An Adaptable Approach to Learn Realistic Legged Locomotion without Examples
This work addresses the challenge of flexible and generalizable locomotion control for legged robots, which is incremental as it builds on existing RL methods but introduces a novel guidance approach.
The paper tackled the problem of learning realistic legged locomotion for robots without relying on motion capture or prescribed coordination, by using a spring-loaded inverted pendulum model as a reference in reinforcement learning, resulting in policies that generate realistic and energy-efficient gaits for bipedal and quadrupedal robots.

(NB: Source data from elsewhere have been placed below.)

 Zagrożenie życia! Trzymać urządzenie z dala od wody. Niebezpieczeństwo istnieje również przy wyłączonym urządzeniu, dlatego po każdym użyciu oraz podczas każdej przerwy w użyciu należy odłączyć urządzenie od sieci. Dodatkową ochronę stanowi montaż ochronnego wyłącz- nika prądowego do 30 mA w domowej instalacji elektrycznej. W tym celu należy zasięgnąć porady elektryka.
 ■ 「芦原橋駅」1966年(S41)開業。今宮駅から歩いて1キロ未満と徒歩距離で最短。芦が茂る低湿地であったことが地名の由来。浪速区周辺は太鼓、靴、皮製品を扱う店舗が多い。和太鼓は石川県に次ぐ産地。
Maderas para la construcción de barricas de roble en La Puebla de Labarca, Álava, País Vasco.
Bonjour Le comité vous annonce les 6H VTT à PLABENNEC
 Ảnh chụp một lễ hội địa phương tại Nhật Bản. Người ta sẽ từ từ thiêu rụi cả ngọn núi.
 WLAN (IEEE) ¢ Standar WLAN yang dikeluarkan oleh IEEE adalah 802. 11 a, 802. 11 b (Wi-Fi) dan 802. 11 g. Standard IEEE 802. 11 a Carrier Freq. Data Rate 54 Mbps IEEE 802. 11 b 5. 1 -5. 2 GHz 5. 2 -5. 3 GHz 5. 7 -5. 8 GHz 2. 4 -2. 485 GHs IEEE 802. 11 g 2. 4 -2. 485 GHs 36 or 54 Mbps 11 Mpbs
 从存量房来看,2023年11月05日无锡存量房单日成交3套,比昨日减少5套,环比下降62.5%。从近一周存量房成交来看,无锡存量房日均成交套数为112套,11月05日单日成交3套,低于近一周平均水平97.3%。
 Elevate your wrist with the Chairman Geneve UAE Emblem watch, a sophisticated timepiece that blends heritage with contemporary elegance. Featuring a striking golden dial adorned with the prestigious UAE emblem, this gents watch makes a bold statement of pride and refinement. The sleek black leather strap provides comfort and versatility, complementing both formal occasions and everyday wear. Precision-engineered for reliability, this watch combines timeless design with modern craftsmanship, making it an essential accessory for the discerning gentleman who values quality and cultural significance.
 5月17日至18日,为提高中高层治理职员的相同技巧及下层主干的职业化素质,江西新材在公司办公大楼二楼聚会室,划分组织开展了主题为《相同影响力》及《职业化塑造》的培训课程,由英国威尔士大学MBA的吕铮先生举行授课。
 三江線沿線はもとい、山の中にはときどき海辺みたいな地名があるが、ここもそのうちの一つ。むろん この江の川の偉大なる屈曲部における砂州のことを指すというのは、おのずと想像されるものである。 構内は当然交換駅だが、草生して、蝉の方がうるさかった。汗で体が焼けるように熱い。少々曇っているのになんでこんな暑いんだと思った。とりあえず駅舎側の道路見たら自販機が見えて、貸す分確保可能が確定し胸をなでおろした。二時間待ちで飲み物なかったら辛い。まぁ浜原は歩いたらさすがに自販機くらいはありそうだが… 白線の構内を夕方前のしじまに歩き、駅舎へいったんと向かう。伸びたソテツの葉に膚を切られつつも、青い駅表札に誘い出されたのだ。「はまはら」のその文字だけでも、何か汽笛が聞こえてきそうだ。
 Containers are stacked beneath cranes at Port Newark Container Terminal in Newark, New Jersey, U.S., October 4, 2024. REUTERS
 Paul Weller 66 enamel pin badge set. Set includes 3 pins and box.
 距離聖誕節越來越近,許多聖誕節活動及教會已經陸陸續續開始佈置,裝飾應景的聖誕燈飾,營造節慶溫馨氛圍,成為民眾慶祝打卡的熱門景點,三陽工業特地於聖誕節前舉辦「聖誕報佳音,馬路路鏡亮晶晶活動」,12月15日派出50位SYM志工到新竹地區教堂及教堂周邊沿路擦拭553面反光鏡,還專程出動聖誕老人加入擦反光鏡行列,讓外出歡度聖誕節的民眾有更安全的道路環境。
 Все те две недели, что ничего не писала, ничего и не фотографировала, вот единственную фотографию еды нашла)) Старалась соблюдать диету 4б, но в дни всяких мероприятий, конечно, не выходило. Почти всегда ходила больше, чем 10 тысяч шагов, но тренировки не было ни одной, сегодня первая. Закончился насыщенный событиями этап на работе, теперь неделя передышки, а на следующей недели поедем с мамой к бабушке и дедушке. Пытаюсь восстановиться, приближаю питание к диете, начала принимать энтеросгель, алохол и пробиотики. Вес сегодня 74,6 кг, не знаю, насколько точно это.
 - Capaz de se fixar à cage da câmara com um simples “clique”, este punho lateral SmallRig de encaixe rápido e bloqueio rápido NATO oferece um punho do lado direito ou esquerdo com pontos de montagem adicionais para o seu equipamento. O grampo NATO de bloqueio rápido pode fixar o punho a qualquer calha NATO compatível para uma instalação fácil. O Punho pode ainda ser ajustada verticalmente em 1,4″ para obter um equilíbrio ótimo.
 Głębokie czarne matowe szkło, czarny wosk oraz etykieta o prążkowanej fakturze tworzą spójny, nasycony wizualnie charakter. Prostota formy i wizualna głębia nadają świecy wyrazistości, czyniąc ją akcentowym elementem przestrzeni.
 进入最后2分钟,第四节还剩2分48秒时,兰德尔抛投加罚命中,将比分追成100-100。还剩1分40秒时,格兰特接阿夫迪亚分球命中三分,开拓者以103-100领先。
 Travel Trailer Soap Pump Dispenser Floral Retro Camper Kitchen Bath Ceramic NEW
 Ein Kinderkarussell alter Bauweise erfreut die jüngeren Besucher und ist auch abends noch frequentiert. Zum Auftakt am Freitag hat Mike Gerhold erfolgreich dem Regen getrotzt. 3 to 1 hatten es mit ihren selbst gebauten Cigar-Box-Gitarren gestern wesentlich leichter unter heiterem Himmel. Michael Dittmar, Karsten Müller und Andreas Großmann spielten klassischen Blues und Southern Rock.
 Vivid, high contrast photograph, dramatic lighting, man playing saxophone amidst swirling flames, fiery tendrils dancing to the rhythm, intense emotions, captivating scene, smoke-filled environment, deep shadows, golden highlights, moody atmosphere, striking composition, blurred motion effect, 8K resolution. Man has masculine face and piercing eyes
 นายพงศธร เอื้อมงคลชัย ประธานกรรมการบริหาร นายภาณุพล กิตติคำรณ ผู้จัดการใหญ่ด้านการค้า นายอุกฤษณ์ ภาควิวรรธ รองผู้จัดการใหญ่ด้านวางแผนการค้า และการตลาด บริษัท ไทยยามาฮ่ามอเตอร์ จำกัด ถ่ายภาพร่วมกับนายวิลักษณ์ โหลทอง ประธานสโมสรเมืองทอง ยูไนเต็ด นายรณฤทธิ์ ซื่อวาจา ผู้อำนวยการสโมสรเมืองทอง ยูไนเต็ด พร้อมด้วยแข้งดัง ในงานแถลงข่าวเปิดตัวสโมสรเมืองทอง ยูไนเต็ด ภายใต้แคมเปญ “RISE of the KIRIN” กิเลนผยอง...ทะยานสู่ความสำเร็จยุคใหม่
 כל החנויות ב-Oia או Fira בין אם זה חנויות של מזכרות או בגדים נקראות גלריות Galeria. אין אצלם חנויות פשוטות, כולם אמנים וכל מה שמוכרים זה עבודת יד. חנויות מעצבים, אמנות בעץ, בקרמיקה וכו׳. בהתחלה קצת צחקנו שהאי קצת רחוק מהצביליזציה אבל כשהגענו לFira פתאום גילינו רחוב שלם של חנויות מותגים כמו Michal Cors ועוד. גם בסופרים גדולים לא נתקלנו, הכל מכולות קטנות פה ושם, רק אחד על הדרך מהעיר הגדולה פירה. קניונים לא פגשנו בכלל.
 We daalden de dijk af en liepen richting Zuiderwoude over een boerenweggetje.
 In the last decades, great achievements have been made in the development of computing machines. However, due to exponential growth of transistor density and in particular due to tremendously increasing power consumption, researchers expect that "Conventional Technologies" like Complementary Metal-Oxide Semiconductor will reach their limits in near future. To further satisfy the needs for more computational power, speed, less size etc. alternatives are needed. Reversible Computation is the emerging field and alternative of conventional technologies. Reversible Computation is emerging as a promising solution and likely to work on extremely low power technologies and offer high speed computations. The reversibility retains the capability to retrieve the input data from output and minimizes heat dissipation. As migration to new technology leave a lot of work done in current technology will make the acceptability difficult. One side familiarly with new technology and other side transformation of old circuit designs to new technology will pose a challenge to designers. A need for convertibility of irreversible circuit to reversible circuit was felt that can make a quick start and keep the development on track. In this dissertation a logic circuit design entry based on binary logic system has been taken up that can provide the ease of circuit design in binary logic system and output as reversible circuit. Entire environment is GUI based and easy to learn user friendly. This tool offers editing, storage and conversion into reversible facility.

Learning controllers that reproduce legged locomotion in nature has been a long-time goal in robotics and computer graphics. While yielding promising results, recent approaches are not yet flexible enough to be applicable to legged systems of different morphologies. This is partly because they often rely on precise motion capture references or elaborate learning environments that ensure the naturality of the emergent locomotion gaits but prevent generalization. This work proposes a generic approach for ensuring realism in locomotion by guiding the learning process with the spring-loaded inverted pendulum model as a reference. Leveraging on the exploration capacities of Reinforcement Learning (RL), we learn a control policy that fills in the information gap between the template model and full-body dynamics required to maintain stable and periodic locomotion. The proposed approach can be applied to robots of different sizes and morphologies and adapted to any RL technique and control architecture. We present experimental results showing that even in a model-free setup and with a simple reactive control architecture, the learned policies can generate realistic and energy-efficient locomotion gaits for a bipedal and a quadrupedal robot. And most importantly, this is achieved without using motion capture, strong constraints in the dynamics or kinematics of the robot, nor prescribing limb coordination. We provide supplemental videos for qualitative analysis of the naturality of the learned gaits.